It is not unusual that PU have to sustain very high temperatures in several uses, specially in applications such as defense. For example, high-temperature resistant adhesives are required in advanced aircraft, space vehicles, missiles, and ground vehicles.
Thermal stability describes thermal durability as well as heat resistance. Polymers with higher thermal stability are characterized by higher melting points, softening and thermal decomposition, smaller mass loss during heating at high temperatures, and higher heat deflection temperature under load, without losing their basic properties which determine its functionality.
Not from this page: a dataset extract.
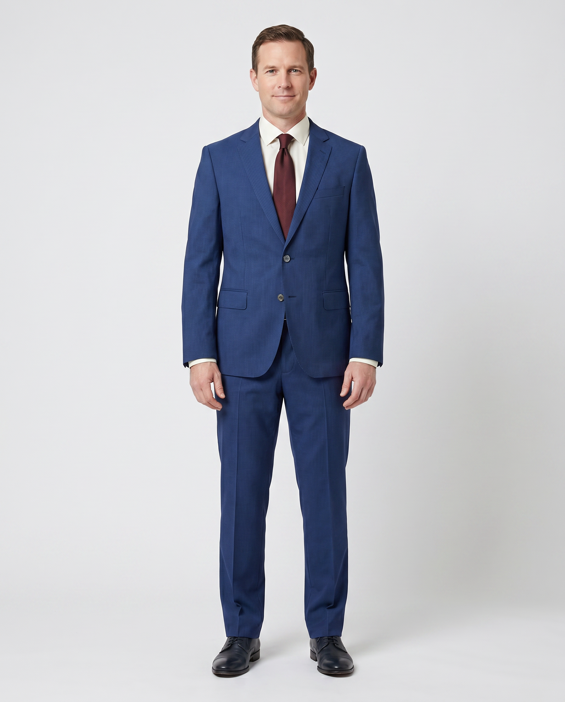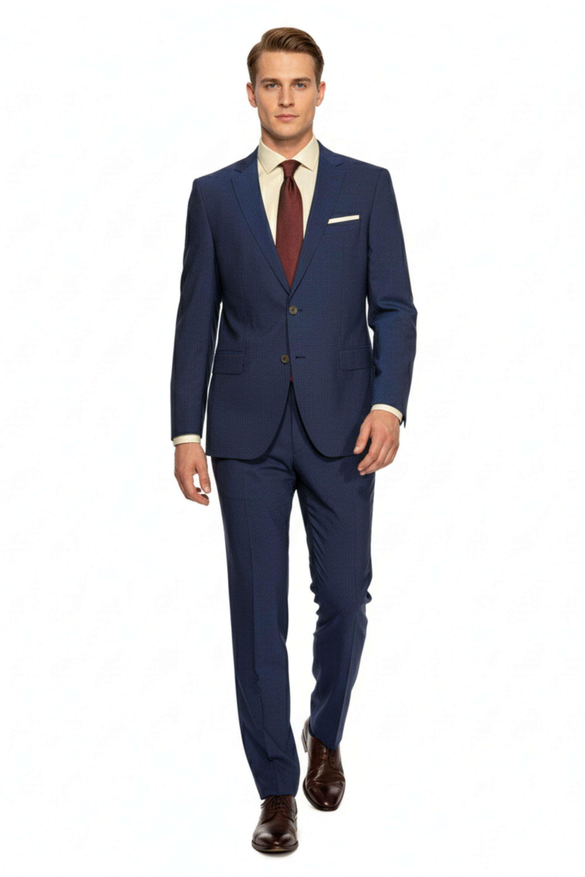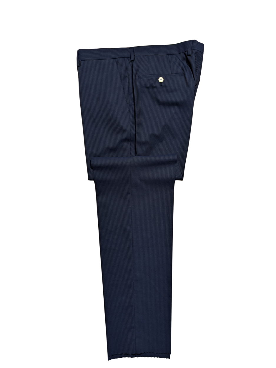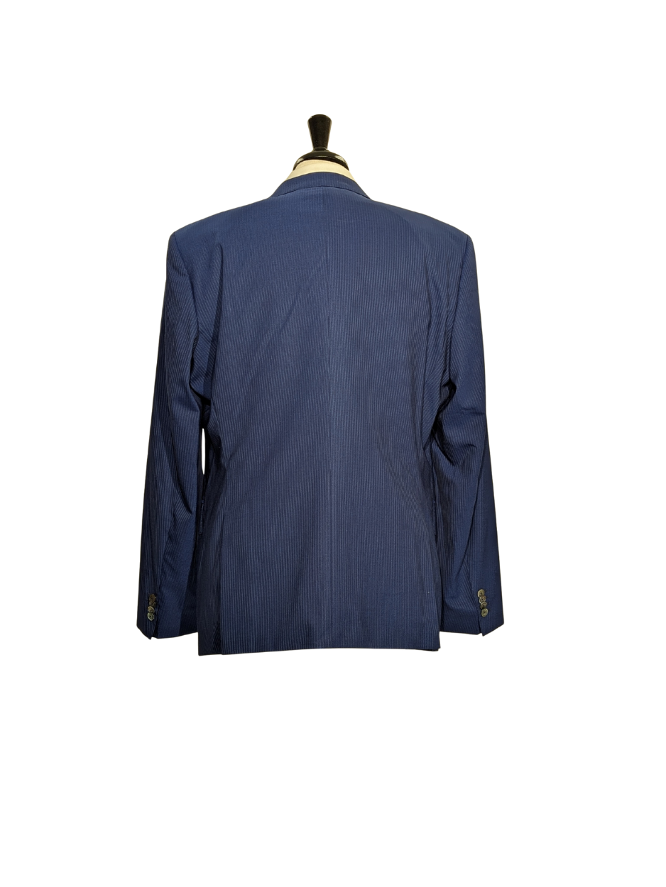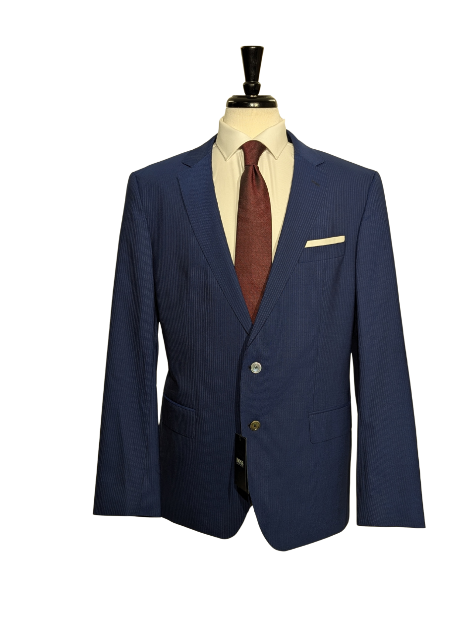 Refined and versatile, this Hugo Boss 2-button suit features a classic blue pinstripe pattern woven into high-quality wool. This two-button jacket offers a contemporary edge while maintaining timeless appeal. Finished with notch lapels and sharp tailoring, it's ideal for business, formal events, or refined everyday wear.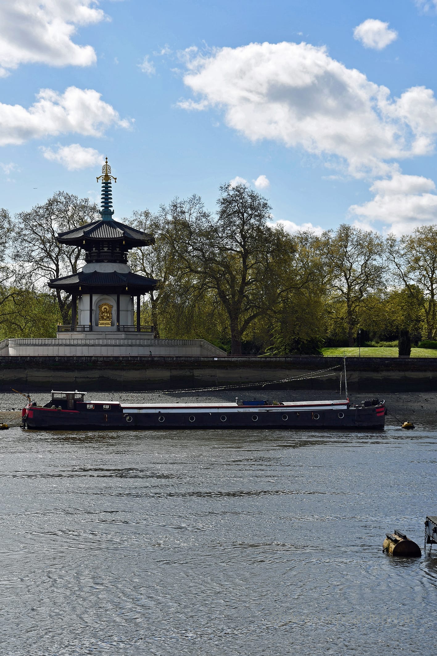 Across the Thames, you’ll spot the striking Battersea Park Peace Pagoda. It’s a beautiful golden-roofed monument gifted by Japanese Buddhists in the 1980s as a symbol of peace. It adds a serene, unexpected touch to the riverside view.

In respect to analytical techniques, differential thermal analysis (DTA) and thermogravimetric analysis (TGA) were traditionally used to evaluate the thermal properties of several types of polyurethane and are still standard analytical techniques that are utilized. Thermal stability requirements can be summarized in the following statements: retention of mechanical properties (melting/softening point), high resistance to chemical attack, and high resistance to breakdown, specially under oxidative conditions. The following figure introduces the general reactions involved in PU thermal decomposition:
The first reaction is fast. Flammable gases then react much faster with oxygen, producing more heat and small molecule gaseous degradation products (Figure 1). Finally, char reacts with oxygen but in a much slower rate, releasing heat but with a lesser rate. The first step of the degradation includes the scission of the urethane bonds to obtain the polyol and the isocyanate groups apart. In the second set reactions, dimerization gives off gaseous carbon dioxide and carbodiimide, and trimerization gives isocyanurates, while reactions with water render aromatic amines and carbon dioxide again. Heat is released in every reaction step, sustaining degradation until eventually a compact char is left.
Figure 1.
General mechanism of thermal decomposition of PUs.
PUs have unique properties derived from their two-phase microstructure composed of hard and soft segments. Soft segments (SS) are formed by polyols and have low glass transition temperatures, while hard segments (HS) are derived from diisocyanates and chain extenders and possess high glass transition temperature.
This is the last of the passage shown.